Parties mark the start of Myanmar’s pandemic-era election with subdued campaign events

Official campaigning for Myanmar’s November 8 election kicked off on Tuesday amid a dramatic spike in Covid-19 cases that has hampered parties’ campaign plans. 

State Counsellor Aung San Suu Kyi was forced to cancel a trip scheduled for Tuesday to her constituency of Kawhmu, in Yangon region, as the total number of cases in Myanmar hit 1,610.

Instead, she attended a socially distanced ceremony at the National League for Democracy’s (NLD) temporary headquarters in Naypyitaw. 

Clad in gloves, a face mask and a see-through face shield, she raised the NLD’s peacock-adorned flag to mark the start of the party’s bid for re-election.

“I want to request that our people vote for the NLD on November 8, so that this flag of victory can fly for a long time yet above the land of our Union of Myanmar,” she said at the ceremony. 

The NLD, which will field 1,143 candidates nationwide, is by far the favourite to win in November, even if five years in office have dented enthusiasm for Suu Kyi and her once-persecuted party. 

The Union Election Commission has warned that parties must follow health ministry guidelines while campaigning.

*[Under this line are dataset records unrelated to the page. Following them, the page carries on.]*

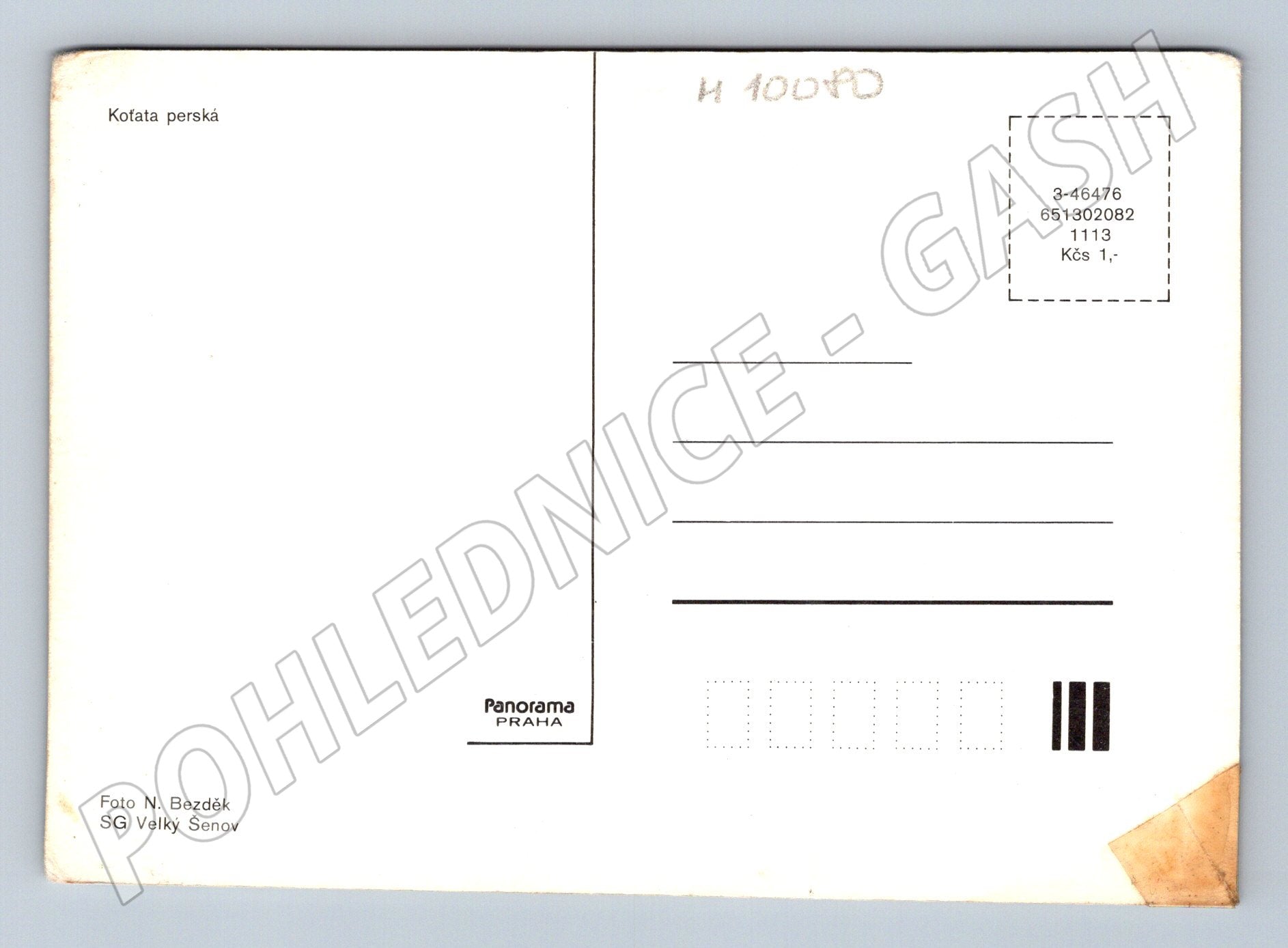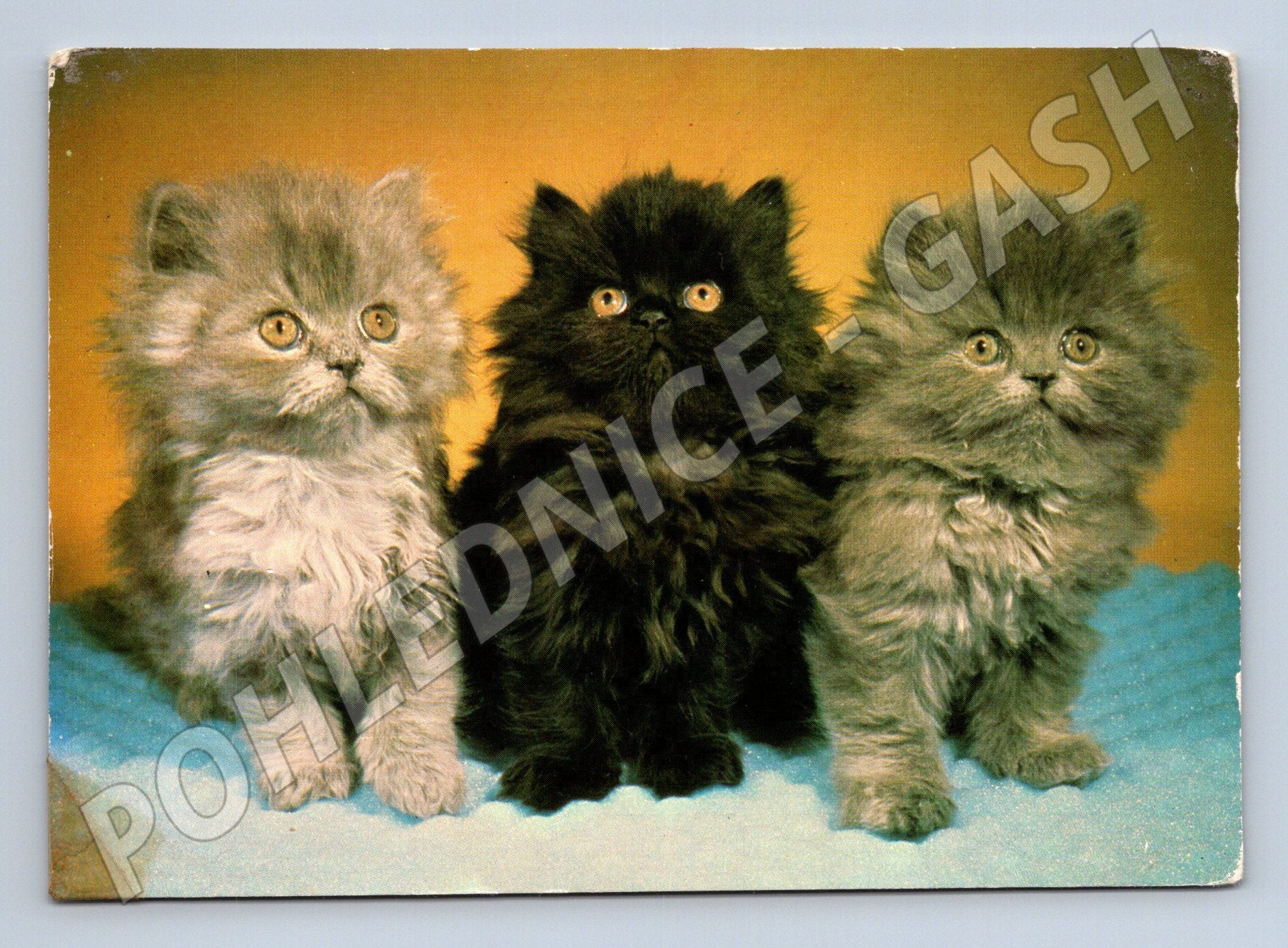 Pohlednice s motivem perských koťat, vydaná vydavatelstvím Panorama Praha. Barevná fotografie zachycuje tři roztomilá koťata na jemně barevném pozadí. Na zadní straně pohlednice je uveden popis Koťata perská , foto N. Bezděk. Vhodné pro sběratele pohlednic se zvířecí tématikou, především koček. Stav pohlednice odpovídá stáří, drobné známky opotřebení v rozích a mírné zašpinění v pravém dolním rohu zadní strany. Neprošlá poštou, bez psaného textu.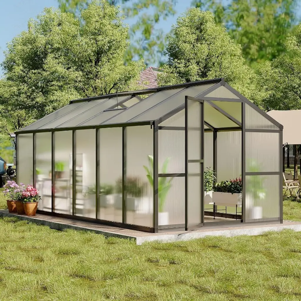 Gustowave 6X10 Ft Walk-in Polycarbonate Greenhouse With Aluminum Frame, Black.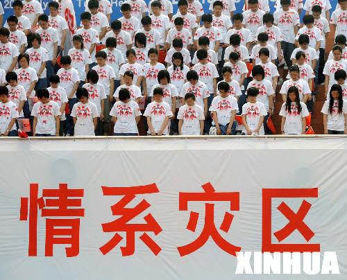 5月26日,学生们在起跑仪式上向四川地震遇难同胞默哀。当日,北京奥运会圣火在江苏泰州传递。 新华社记者孙参摄 |

Rallies with more than 50 people are banned and attendees must stand at least six feet away from each other, according to the guidelines.    

Campaign events in areas that are under full or partial lockdown because of a spike in local cases are banned entirely, the ministry said. 

Lockdowns in Rakhine state, along with fierce fighting between the Arakan Army and the Tatmadaw, mean that campaigning there has yet to start. 

Candidates in some constituencies, including those where access to 3G internet has been cut off, fear it will remain all but impossible to campaign before polling day.  

Among Myanmar’s total cases, 565 were recorded in Rakhine, most within the last few weeks. Yangon, where partial lockdowns are underway in some townships, has recorded 700 cases. 

USDP party members give out masks to people in Mingalar Taung Nyunt, Yangon (Aye Chan Khaing/Myanmar Now)

There will be 6,689 candidates from 92 parties vying for seats in November, plus 280 independent candidates. Amid the restrictions, Myanmar’s opposition parties kicked off campaigning with low key events across the country, while some candidates stayed home entirely.  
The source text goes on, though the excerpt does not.